Depuis le 1er mai, les personnes arrêtées pour garder leurs enfants, les personnes à risques ont vu leur mode d’indemnisation transformé en activité partielle. Mais alors, comment ça marche ?

Il est tout d’abord important de souligner le fait que jusqu’à la fin du mois de mars 2020, « 25 % des salariés étaient placés en activité partielle, 25 % en télétravail, 25 % continuaient de travailler comme auparavant, et 13 % étaient en arrêt maladie (garde d’enfant, personne à risque, etc.) » selon une note de la Direction de l’Animation de la Recherche, des Études et des Statistiques (DARES).

La nouvelle mesure gouvernementale entraînera donc une augmentation des salariés en activité partielle.

Avant le 30 avril : arrêt maladie

La mesure en vigueur jusqu’au 30 avril 2020 impliquait une indemnisation pour les personnes placées en arrêt maladie. Ces dernières ont obtenu les indemnités journalières de la Sécurité Sociale ainsi qu’un complément de salaire de leur employeur. Quel qu’était leur ancienneté, ce complément était de 90% leur salaire. Mais ce mode d’indemnisation valable pour les arrêts entre le 12 mars et le 30 avril 2020 a changé.

À compter du 1er mai : activité partielle

Le Gouvernement a annoncé qu’à partir du 1er mai 2020, les personnes arrêtées suite au virus Covid-19 seront dorénavant placées en activité partielle.

Les indemnisations sont les suivantes :

  • Les salariés dont la rémunération est égale au SMIC recevront 100 % de leur salaire net.
  • Les salariés dont la rémunération est supérieure au SMIC et travaillant 35 heures par semaine recevront 70 % de leur salaire brut, c’est-à-dire 84 % de leur salaire net. Il en revient aux entreprises de choisir de compléter la rémunération pour qu’elle atteigne 100 % de leur salaire habituel.
  • Les salariés travaillant au-delà de 35 heures par semaine ne sont habituellement pas indemnisables au titre de l’activité partielle. Mais compte tenu de la situation exceptionnelle, certaines heures supplémentaires pourront entrer dans le dispositif. Par exemple :
      • les heures supplémentaires prévues par des conventions individuelles de forfait, établies sur la semaine, le mois ou l’année, conclues avant le 23 avril 2020
      • les heures supplémentaires prévues par des durées collectives de travail plus importantes que la durée légale initiale et conclues avant le 24 avril 2020

Dans son communiqué de presse, le Gouvernement précise que « cette mesure permet d’éviter une réduction de l’indemnisation des personnes concernées : sans cette mesure, le niveau d’indemnisation des salariés aurait diminué pour atteindre 66 % du salaire après 30 jours d’arrêt pour les salariés justifiant d’une ancienneté inférieure à 5 ans, par exemple ».

De plus, le délai de carence est supprimé dans ces cas et les salariés n’ont aucune démarche à entreprendre pour bénéficier de ces évolutions.

Et les employeurs ?

Les employeurs peuvent se réjouir de cette nouvelle car lorsqu’un salarié était en arrêt suite au coronavirus, il demeurait à leur charge à hauteur de 40 % de leur salaire.
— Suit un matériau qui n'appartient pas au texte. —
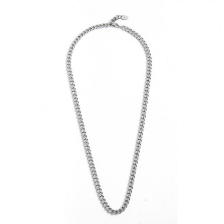 Descrizione: Collana in acciaio con catena grumetta di 4.40 mm, con Marlù logo ovale all'estremità. La chiusura è con una texture a righe e logo Marlù incisi. Lunghezza totale 50 cm.

Avec ce dispositif d’activité partielle, les employeurs verseront 84 % du salaire net de leurs salariés qui seront ensuite remboursés par l’État.

 

Les travailleurs non salariés

Pour les travailleurs non salariés, c’est-à-dire les indépendants, agents contractuels et fonctionnaires ; la méthode d’indemnisation ne change pas.